いつも飲んでいる緑茶とコーヒーで長生きできる?

 あなたは緑茶またはコーヒーを1日何杯くらい飲んでいるでしょうか? 日本人にとって、緑茶は昔からなじみの深い飲み物ですが、今ではコーヒーも欠かせない飲み物になっていますね。食後や仕事の合間に、あるいは一息入れたいとき、緑茶やコーヒーを飲むという方は多いのではないでしょうか。

 最近、そんな緑茶やコーヒーを日常的によく飲んでいる人は死亡リスクが低いという報告が、国立がん研究センターから発表されました。これは、日本各地に住む40~69歳の男女約9万人を1990年(または1993年)から2011年まで、平均19年に渡って追跡調査した「多目的コホート研究」によるもの。

 この研究では、緑茶やコーヒーの摂取量と全死亡リスク、日本人の主な死因であるがん、心疾患、脳血管疾患、呼吸器疾患などによる死亡リスクとの関連を調べました。

*調査では、死亡リスク要因となる年齢や喫煙、飲酒、運動習慣などが結果に影響しないよう統計学的に調整しています。

緑茶を1日5杯以上飲む人は全死亡リスクが最も低かった

 「多目的コホート研究」によると、緑茶を1日5杯以上飲む人の全死亡リスクは1日1杯未満の人に比べ男性で13%、女性で17%低く、飲む量が増えるほどリスクが低下する傾向がみられました。

 死因別では、男女の心疾患と、男性の脳血管および呼吸器疾患による死亡リスクが緑茶をよく飲む人で低下しました。
 男女ともがんによる死亡リスクとの関連はみられませんでしたが、部位別のがん死亡との関連を調べた先行研究では、女性の下部胃がんのリスク低下との関連が示されています。

コーヒー1日3~4杯で死亡リスクは最も低下

 コーヒーの場合はどうでしょうか。
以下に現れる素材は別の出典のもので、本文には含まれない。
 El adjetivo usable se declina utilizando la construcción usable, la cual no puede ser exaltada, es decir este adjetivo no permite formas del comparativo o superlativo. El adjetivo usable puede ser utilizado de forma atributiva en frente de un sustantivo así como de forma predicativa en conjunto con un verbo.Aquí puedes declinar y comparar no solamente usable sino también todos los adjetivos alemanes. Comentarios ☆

コーヒーを3~4杯飲む人は、ほとんど飲まない人と比べて全死亡リスクが24%低く、緑茶同様に飲む量が増えるほどリスクが低下する傾向がみられましたが、1日5杯以上飲む人についてはリスクの低下は認められませんでした。

 死因別では、コーヒーを3~4杯飲む人は男女とも心疾患、脳血管疾患、呼吸器疾患で死亡リスクが最も低下しました。特に脳血管疾患による死亡リスクは、ほとんど飲まない人と比べて43%も低くなりました。

 がんによる死亡リスクとの関連はみられませんでしたが、先行研究では肝がん、膵がん、女性の大腸がんと子宮体がんのリスク低下との関連が示されています。
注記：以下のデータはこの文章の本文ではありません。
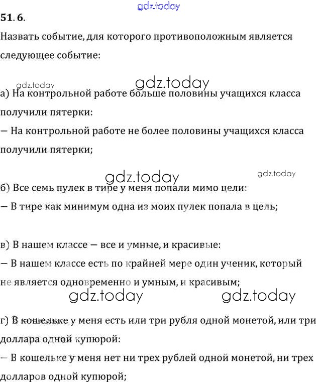 Ответы к §51. Простейшие вероятностные задачи Глава 9 51. 6 Задачнику по Алгебре для 10-11 класса Мордкович, Денищева Базовый уровень Мнемозина 2015

健康効果をもたらすカテキンとクロロゲン酸、カフェイン

 これらの結果について考えられることとして、研究班は緑茶に含まれるカテキンとコーヒーのクロロゲン酸、そして両者に含まれるカフェインの働きを挙げています。

 カテキンは緑茶の渋みや風味の元、クロロゲン酸はコーヒーの色や苦味、香りの元となる成分で、どちらも強力な抗酸化力をもつポリフェノールの一種です。

 カテキンには、血圧やコレステロール、中性脂肪の調整効果や血糖値改善効果があり、クロロゲン酸には血圧の調整や血糖値の改善効果、抗炎症作用があるといわれています。またカフェインには血管を保護し呼吸機能を改善する働きがあるとされます。
 これらの成分の働きにより、循環器疾患や呼吸器疾患による死亡リスクが低下し、全体の死亡リスクを下げている可能性が考えられています。

生活習慣にも気を配った上でおいしい習慣を

 毎日飲んでいる緑茶やコーヒーがこれほど健康にプラスに働くとはうれしいですね。しかしこの調査結果は、緑茶やコーヒーさえたくさん飲めば長生きできるということを示しているのではなく、生活習慣にも気を配ることが大切なのはいうまでもありません。

 その上で、緑茶またはコーヒーが好きでよく飲み、体調もよいと感じている人は続けるとよいでしょう。甘いジュースや炭酸飲料などを飲むことが多い人は、まずその1~2杯を緑茶やコーヒーに変えてみてはいかがでしょうか。

 ただし、カフェインには覚醒作用のほか、利尿作用や血管収縮作用などがあります。寝つきが悪い、夜中にトイレに起きるという人は、寝る数時間前から控えるのがよいでしょう。また、心臓病や腎臓病がある人、妊娠中の人はカフェインの摂取には十分注意してください。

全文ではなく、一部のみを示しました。